Limited guidance from hospital leadership about how healthcare workers should respond to unhoused patients has resulted in a lack of standard protocols and minimal communication between healthcare and homeless services systems. Private hospitals currently do not have access to DHS’s shelter and street outreach data, which would allow them to know whether a patient is already assigned to a shelter or engaged with a street outreach team. Meanwhile, shelter or street outreach staff may be unaware that their client is in the hospital.

Access to data across systems is necessary to maintain coordination; without it, patients suffer. Our count revealed that 69 percent of survey respondents do not have a doctor outside of the ED, indicating that emergency healthcare workers often serve as primary care providers in addition to providing other social services.

Healthcare workers and people experiencing homelessness deserve better. Hospital leadership must recognize that stable housing is a crucial healthcare issue. Partnerships and policies must be established to ensure that housing is prioritized as a key component of patient care. Hospital systems across New York City should collaborate on establishing shared standards of care for patients experiencing homelessness. Private hospitals must have access to DHS’ shelter and street outreach data, and all hospitals should utilize the same intake assessments that include housing questions to ensure consistent information across systems.

New York City’s public hospital system, NYC Health + Hospitals, may offer a promising approach. Their recently launched Housing for Health initiative connects patients experiencing homelessness to short-term respite care, housing navigation, and supportive housing across the city, including units built on hospital land. They can leverage their position as a city agency to build strong partnerships with DHS and other care providers in the city. They already have a longstanding role as the city’s major provider of healthcare for people experiencing homelessness, serving over 43,500 adult patients experiencing homelessness each year.

DHS should partner with both public and private hospitals to establish long-lasting, institutionally rooted partnerships with community-based organizations and street outreach teams. This will take the onus off of already overburdened hospital staff to provide the social support that unhoused patients require, and will make better use of already-established systems and resources.

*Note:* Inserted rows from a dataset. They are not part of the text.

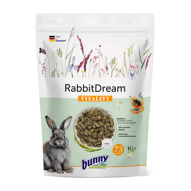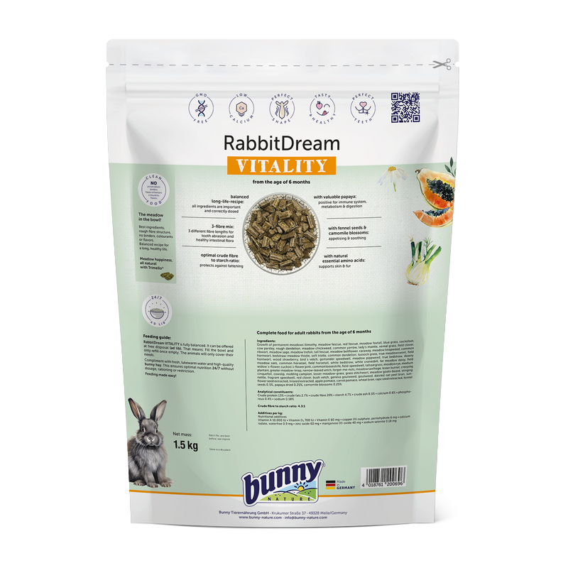 L’aliment complet Granulés Lapin Vitalité associe 63 plantes et herbes issues de prairies non traitées à des ingrédients naturels comme la papaye, le fenouil et la camomille. Ce mélange harmonieux soutient la digestion, renforce la flore intestinale et contribue à la beauté du pelage. Sa formule riche en fibres favorise l’usure naturelle des dents et le maintien d’un poids optimal.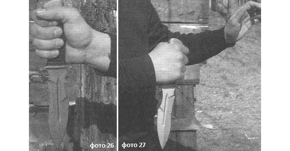 При хвате ножа клинком в сторону от мизинца, клинок может быть направлен строго вниз, или слегка вовнутрь (фото 26, 27).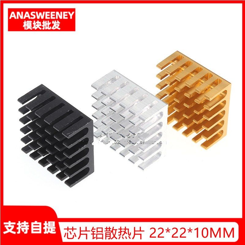 铝散热片 22*22*10MM 芯片散热器 路由CPU电子散热块 银/黑/金色
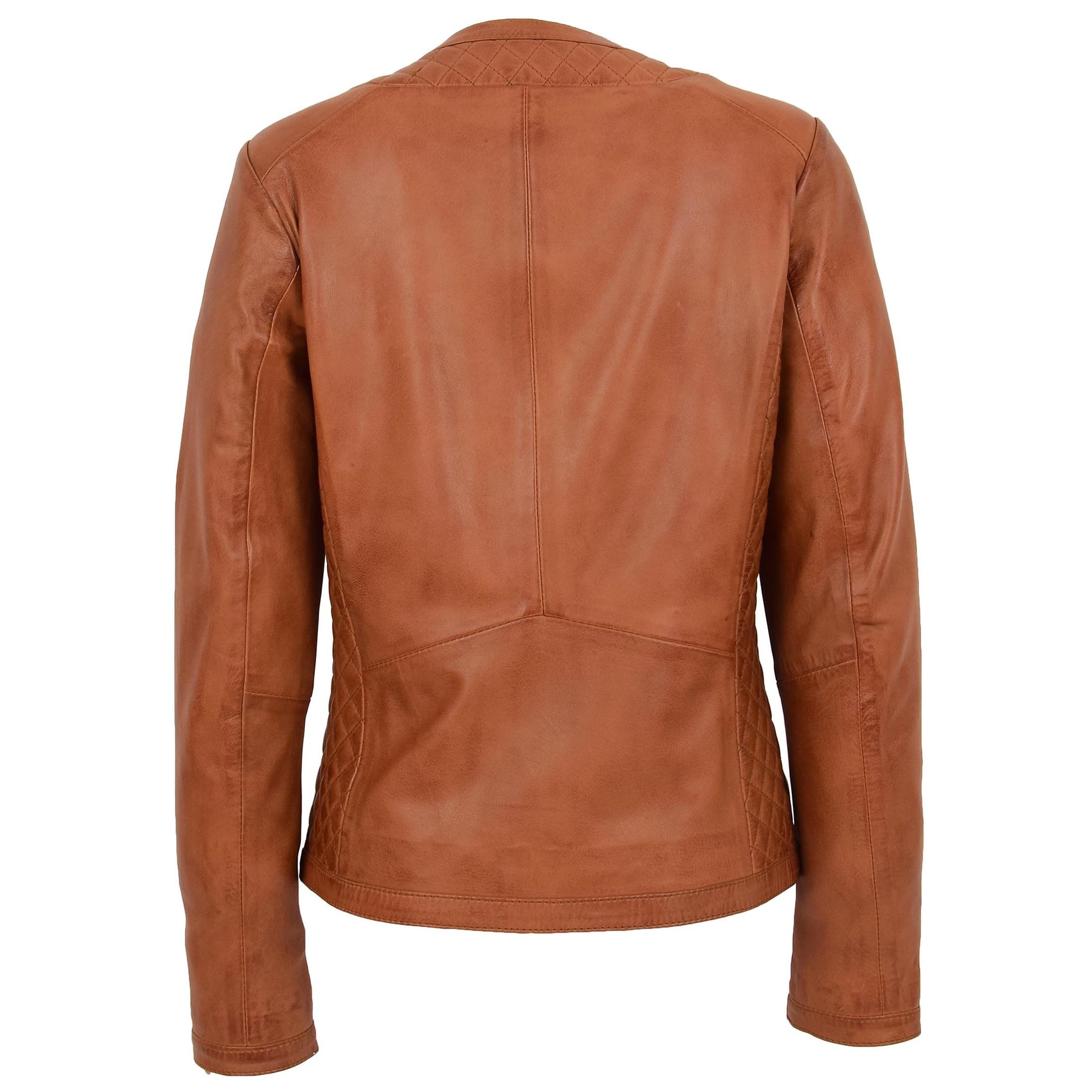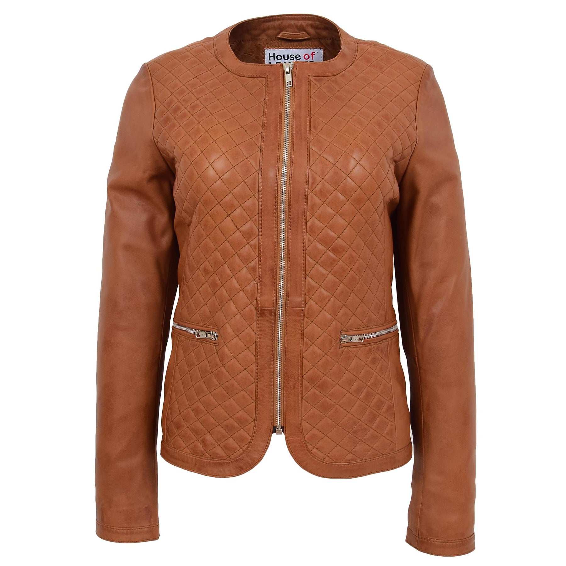 Womens Leather Collarless Jacket with Quilt Design Joan Tan

Hospitals serve as critical safety nets for unsheltered New Yorkers and must be treated as such. For many people experiencing homelessness, hospitals are a respite from the harsh realities of living on the street, but care must go beyond a sandwich and a waiting room chair to sleep in. With a strong commitment from the city and hospital leadership, we can ensure these systems provide the full care and support that unhoused New Yorkers deserve.

Bonnie Mohan is the co-founder and executive director of the Health & Housing Consortium, a non-profit that works to support and integrate the healthcare and housing systems in New York City. Tess Sommer is the Consortium’s program manager.